Workflows are probably used in every department of your organisation to ensure processes run smoothly and steps aren’t missed. In some cases, the workflows might even be automated, whereby the first step in the workflow is activated by an employee and a computer does the rest of the work.

More advanced workflow management doesn’t even necessarily need an employee to start the workflow and is triggered by an event or action such as an email coming into the inbox or a document being scanned. 

Automated workflows are already saving a lot of time for employees and reduce the number of mistakes made by human error at different steps in the process. Dynamic workflows take this one step further.

7 Uses of UA

Where workflows are usually a linear sequence of actions set up by an employee or someone in the organisation, a dynamic workflow is one that can adapt to changing circumstances in a business process.

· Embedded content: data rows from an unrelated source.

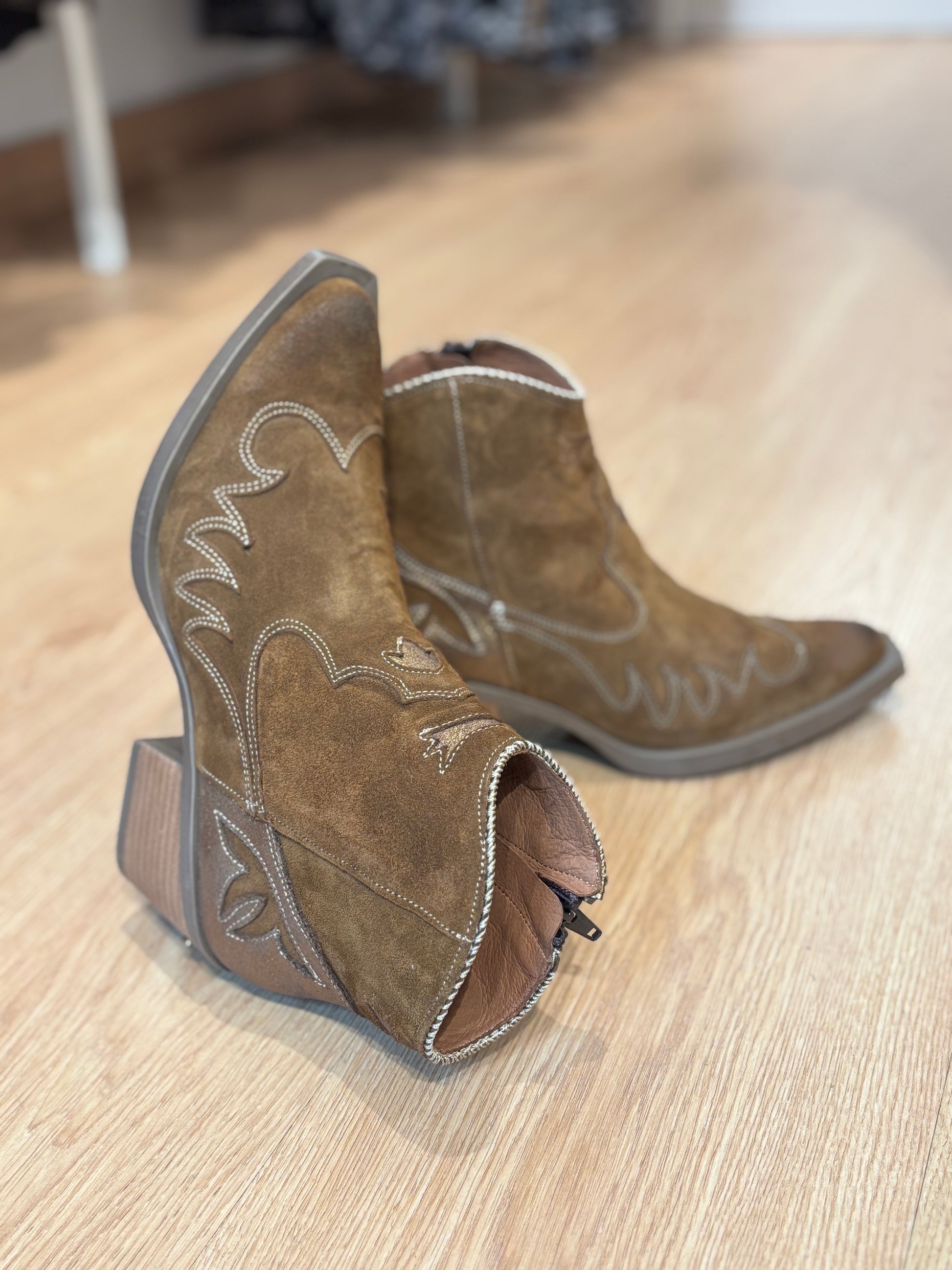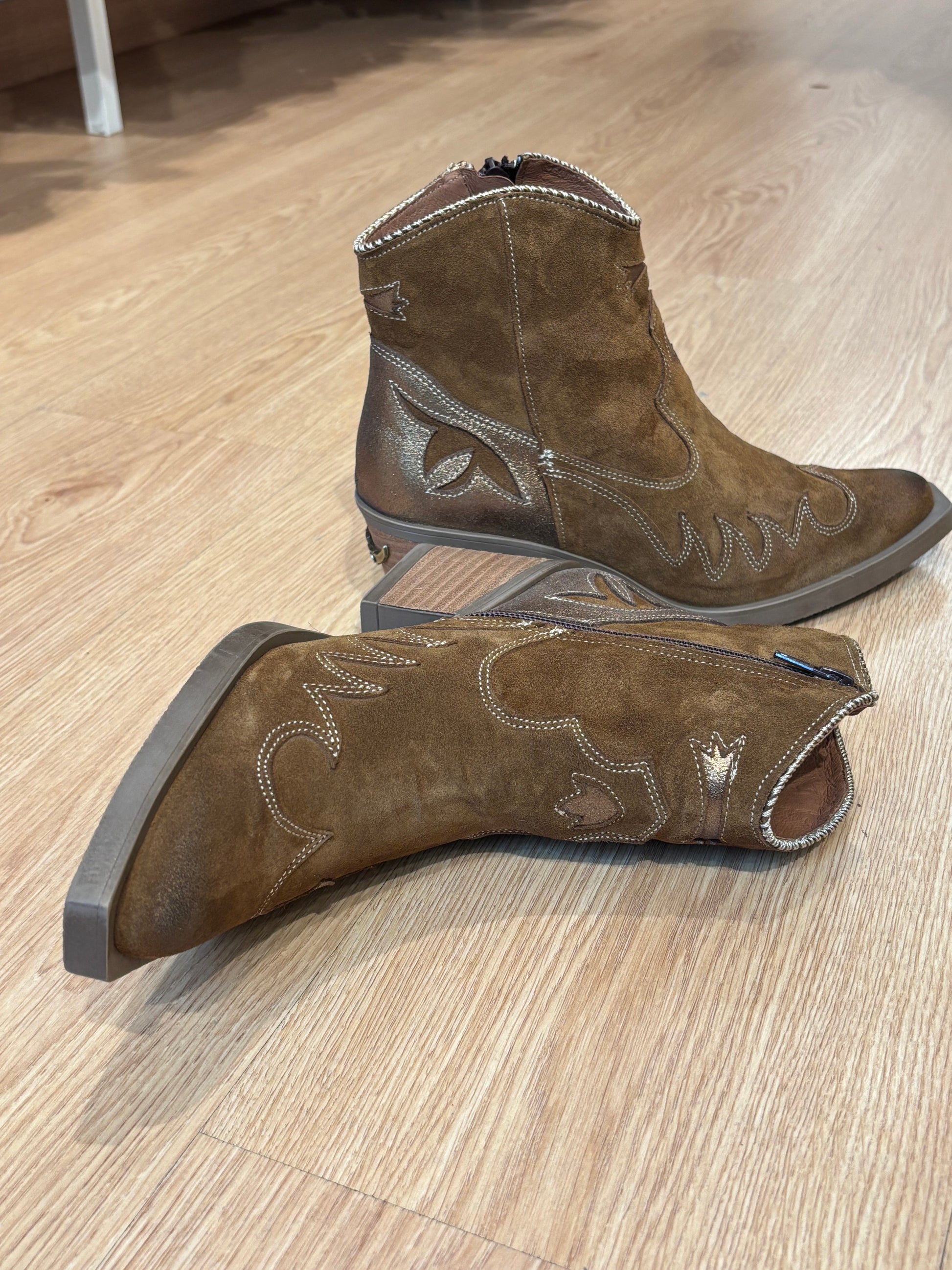 Botines de piel girada grises con detalles print animal. Hecho a mano artesanalmente en España.
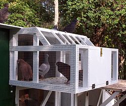 Houses for pigeons are generally called lofts. Pigeon houses are also sometimes referred to as "coops" although the word seems to have originally applied to the breeding pens inside the housing. There are as many different kinds of enclosures used to house pigeons in as there are pigeon fanciers. There are no real constraints on the design of housing for pigeons but there are some things that most fanciers find desirable.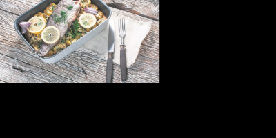 Krompir obariti u slanoj, ključaloj vodi, desetak minuta. U tiganju zagrejati ulje, pa kratko propržiti crni luk. Dodati beli luk, pržiti još minut, pa preručiti u vatrostalnu posudu. Dodati obaren krompir, isečenu papriku, čeri paradajz, pa posoliti, pobiberiti i promešati. Odozgo staviti očišćenu, opranu i prosušenu pastrmku, preko ribe celer i peršun, te sve zaliti belim vinom. Prekriti folijom i peći u rerni na 180 stepeni oko pola sata. Skloniti foliju i peći dok riba ne dobije lepu boju. Poslužiti dok je toplo.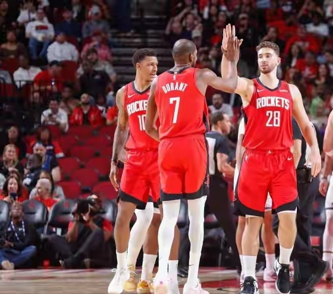 赢下这场比赛后,火箭更是迎来了四个振奋人心的好消息,让球队的冲冠之路更有底气了。第一个好消息就是杜兰特复出即巅峰,完全没需要适应期。回归的第一场比赛,他出战30分钟,14投10中效率高得吓人,轰下25分6篮板4助攻3抢断1盖帽,正负值高达+28。首节命中三分打开局面,次节连中两记三分火力全开,第三节高效收尾后就打卡下班,不仅自己得分稳,还能串联队友盘活全队进攻,妥妥的球队“定海神针”。更值得庆祝的是,凭借本场的10记命中,他的生涯总进球数突破10668个,成功超越英格利什升至历史第11位,距离奥拉朱旺的历史第10也只差81球,后续再突破只是时间问题。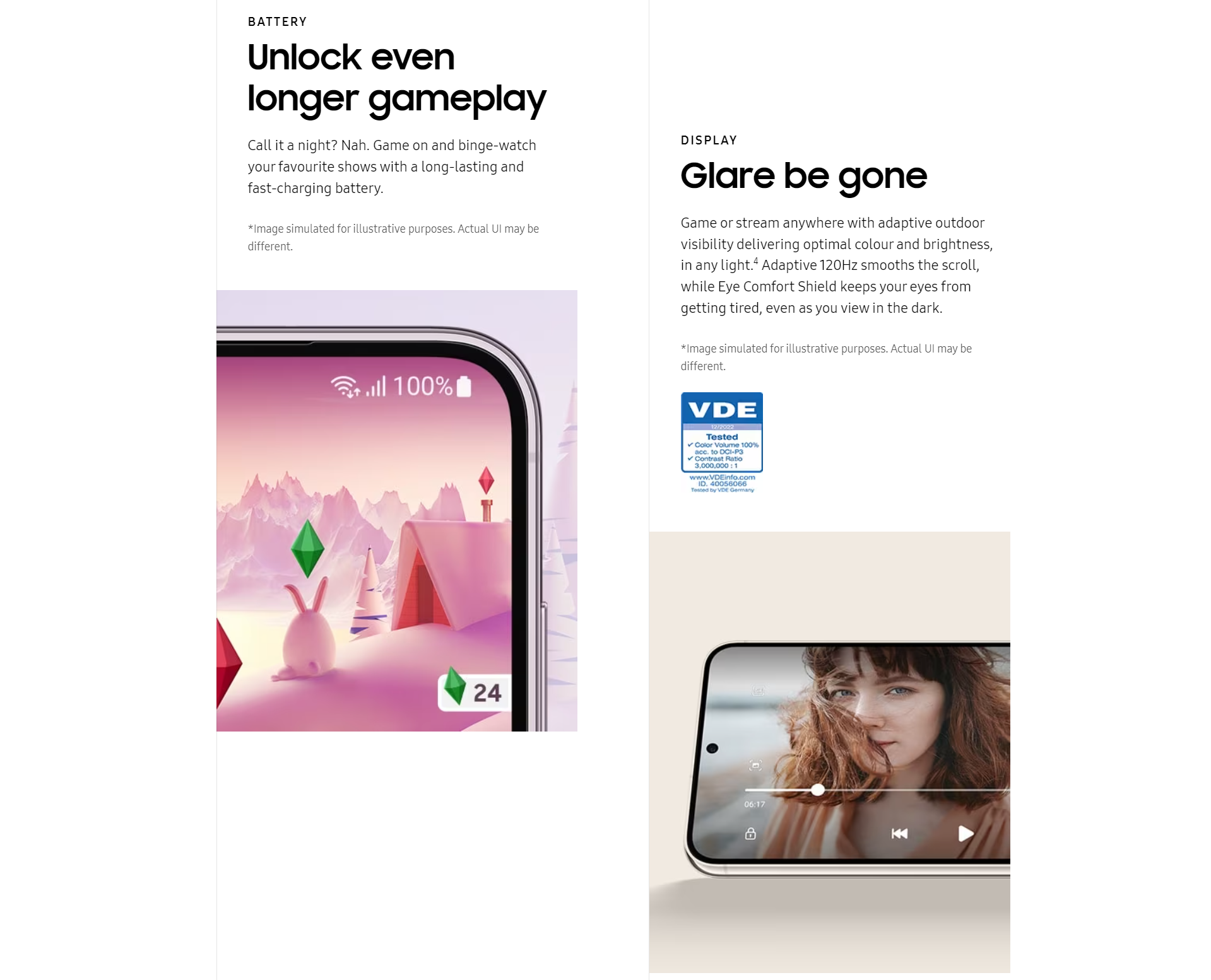 • Call it a night? Nah. Game on and binge-watch your favourite shows with the phones long-lasting and fast-charging battery.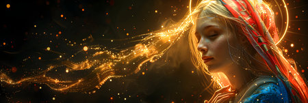 The Virgin Mary portrait on a dark background with nimbus in rays of light. Modern art in religion.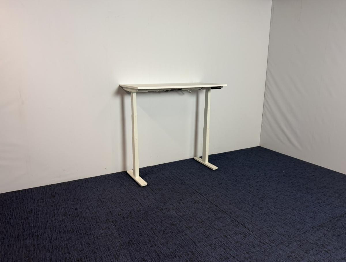 Zit/sta bureau Voortman (elektrisch), wit blad, wit onderstel, 120 x 60 cm.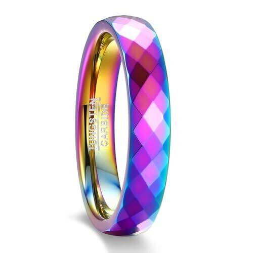083BASE タングステン リング|レインボーカラー|4mm・6mm|鏡面ファセットカット|水に強い・傷つきにくい|メンズ 指輪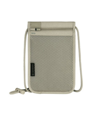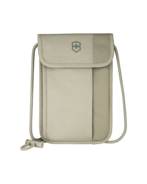 The Travel Essentials Security Neck Pouch offers RFID-blocking and an antimicrobial lining for secure, hygienic transport of personal items. Its light build is ideal for various travel scenarios. Options include Black and Sand Beige

They can be set-up to react to events and changes in context, throughput, capacity and workload and they can enable manual or automatic intervention in an ongoing business process.

Effectively, dynamic workflows automatically respond to changes with new processes.

By being able to respond to change and adapting to the change, dynamic workflows can improve business workflows with flexibility in the workplace, reductions in long-term workflow maintenance and the ability to quickly adapt to changing circumstances in a business process.

Workplace flexibility

The workflows themselves can be built to be flexible and adaptable in the same way an employee might change the course of action if the situation calls for it.

As case-by-case differences and exceptions occur, dynamic workflows automatically respond with new processes and empower workers to intervene as needed, creating flexibility in the business process.

The issues sometimes found with workflow automation is that every time the process is repeated, it’s possible that the details or circumstances are slightly different and a linear workflow can’t make adjustments to suit, while a dynamic workflow can.

Reduce workflow maintenance

As described above, if something changes in a business process, a linear workflow can’t adapt to the changes and an employee will need to intervene in order for the process to carry on as it should - the last thing you want is information and data being passed through to the wrong places because the workflow couldn’t adapt to change.

By moving away from linear automated processes, there is less of a need for employees to interact and maintain the workflow, saving valuable employee time.

Quickly adapt to changing circumstances

Humans make mistakes and sometimes the mistake is not realising a change in the business process until it’s too late.

Dynamic workflows don’t make these same mistakes and because computers are notoriously good at picking up when something has changed, they are able to quickly react to the change and adapt to it.

While humans can be good at picking up change, identifying it and adapting the workflow in time, it’s a hugely time consuming process and can mean spending a lot of time monitoring the workflows and the data going into them rather than working on more valuable tasks that can’t be automated.

Dynamic workflows can benefit your company by reducing the need for employee intervention in business processes and speeding up the process by changing as needed along with adding flexibility to automated linear workflows.